● **Problem requirements**
I need the lines below from the one with "Kejari Bone Bolango" down to the one with "納涼祭の最後の演目には、スイカ割りを行いました(#^.^#)" reproduced exactly, both ends included, and nothing else.

** Provided information follows **

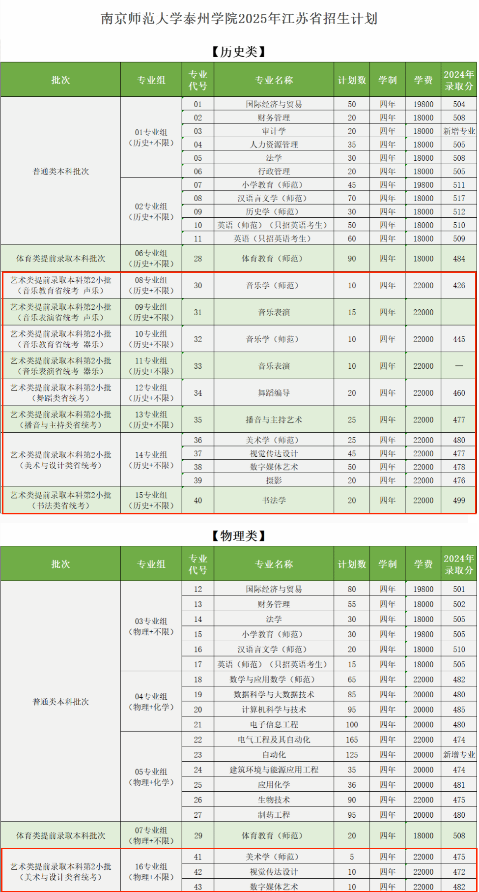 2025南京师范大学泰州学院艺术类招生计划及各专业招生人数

** End of Provided information **
** Provided information follows **

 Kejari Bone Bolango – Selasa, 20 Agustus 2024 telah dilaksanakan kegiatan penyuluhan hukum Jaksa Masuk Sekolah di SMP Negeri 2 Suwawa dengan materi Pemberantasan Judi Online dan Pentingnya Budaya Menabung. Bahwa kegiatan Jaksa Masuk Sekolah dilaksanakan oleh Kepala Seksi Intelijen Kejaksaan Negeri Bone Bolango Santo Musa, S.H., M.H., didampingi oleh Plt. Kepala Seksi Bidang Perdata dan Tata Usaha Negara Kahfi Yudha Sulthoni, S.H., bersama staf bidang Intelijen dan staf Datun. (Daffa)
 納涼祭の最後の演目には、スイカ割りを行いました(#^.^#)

** End of Provided information **

● **Output for this task**
 Kejari Bone Bolango – Selasa, 20 Agustus 2024 telah dilaksanakan kegiatan penyuluhan hukum Jaksa Masuk Sekolah di SMP Negeri 2 Suwawa dengan materi Pemberantasan Judi Online dan Pentingnya Budaya Menabung. Bahwa kegiatan Jaksa Masuk Sekolah dilaksanakan oleh Kepala Seksi Intelijen Kejaksaan Negeri Bone Bolango Santo Musa, S.H., M.H., didampingi oleh Plt. Kepala Seksi Bidang Perdata dan Tata Usaha Negara Kahfi Yudha Sulthoni, S.H., bersama staf bidang Intelijen dan staf Datun. (Daffa)
 納涼祭の最後の演目には、スイカ割りを行いました(#^.^#)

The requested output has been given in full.